Problem requirements: Every line of the records below from the line with "まるごと桃のケーキタルト ミニチュアイヤリング" up to and including the line with "This bed was" must be reproduced exactly, and no line outside that range.

Provided records:
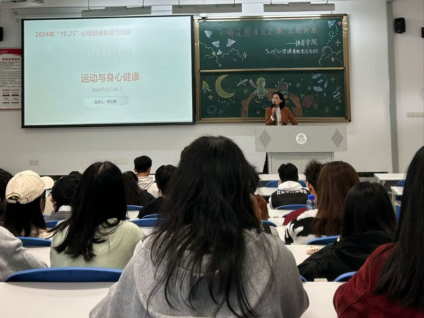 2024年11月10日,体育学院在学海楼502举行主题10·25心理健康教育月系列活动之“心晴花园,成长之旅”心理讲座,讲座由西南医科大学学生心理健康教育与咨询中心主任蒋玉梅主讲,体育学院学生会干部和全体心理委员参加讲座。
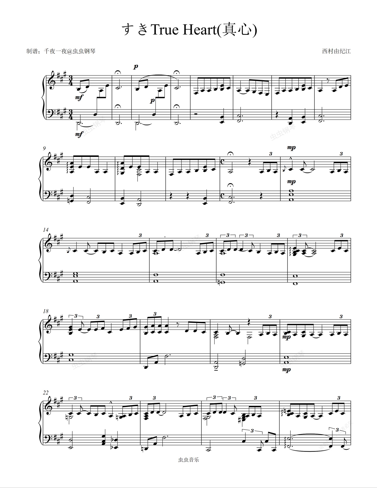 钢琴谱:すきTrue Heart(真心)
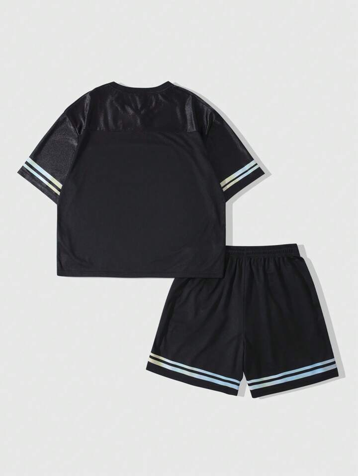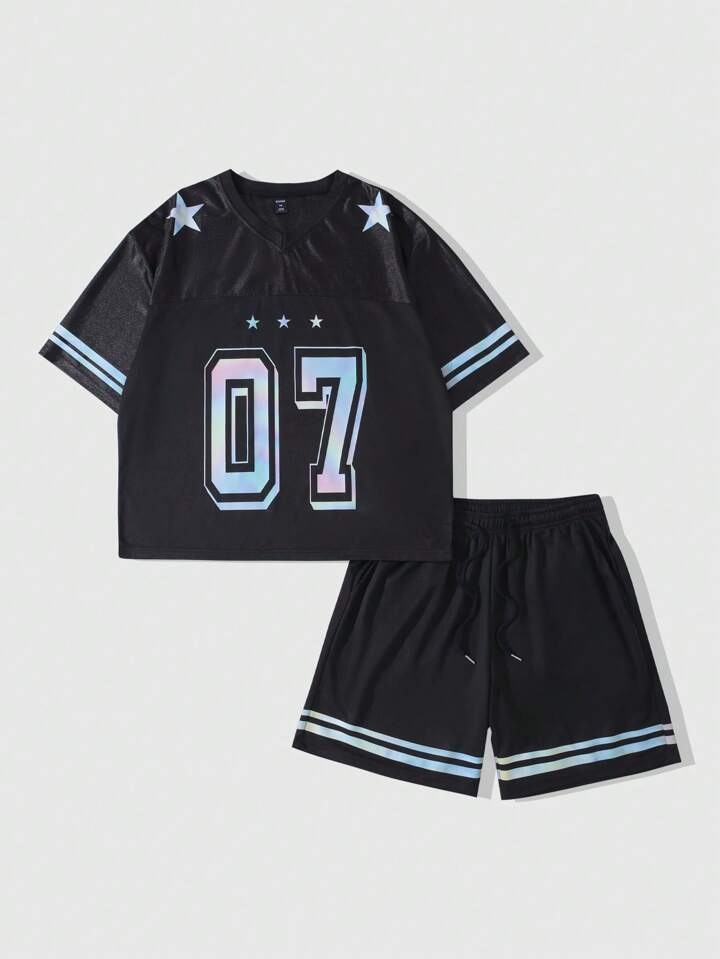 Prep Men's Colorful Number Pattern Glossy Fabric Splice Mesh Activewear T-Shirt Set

==

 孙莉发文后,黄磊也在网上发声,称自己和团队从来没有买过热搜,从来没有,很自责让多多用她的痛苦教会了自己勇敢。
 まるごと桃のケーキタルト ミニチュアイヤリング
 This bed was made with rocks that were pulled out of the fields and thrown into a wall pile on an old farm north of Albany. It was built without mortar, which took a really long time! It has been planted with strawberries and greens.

...

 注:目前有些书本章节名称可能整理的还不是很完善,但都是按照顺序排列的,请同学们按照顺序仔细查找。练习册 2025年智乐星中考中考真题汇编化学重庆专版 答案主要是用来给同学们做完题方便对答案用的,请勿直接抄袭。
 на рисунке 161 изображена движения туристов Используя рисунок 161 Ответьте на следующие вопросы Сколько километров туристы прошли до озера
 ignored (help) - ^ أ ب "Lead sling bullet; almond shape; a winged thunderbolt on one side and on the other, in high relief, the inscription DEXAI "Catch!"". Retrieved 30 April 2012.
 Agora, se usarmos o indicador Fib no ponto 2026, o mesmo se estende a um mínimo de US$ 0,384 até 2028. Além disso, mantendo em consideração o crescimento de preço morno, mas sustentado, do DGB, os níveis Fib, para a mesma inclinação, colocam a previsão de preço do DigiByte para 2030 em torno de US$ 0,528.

Expected answer:
 まるごと桃のケーキタルト ミニチュアイヤリング
 This bed was made with rocks that were pulled out of the fields and thrown into a wall pile on an old farm north of Albany. It was built without mortar, which took a really long time! It has been planted with strawberries and greens.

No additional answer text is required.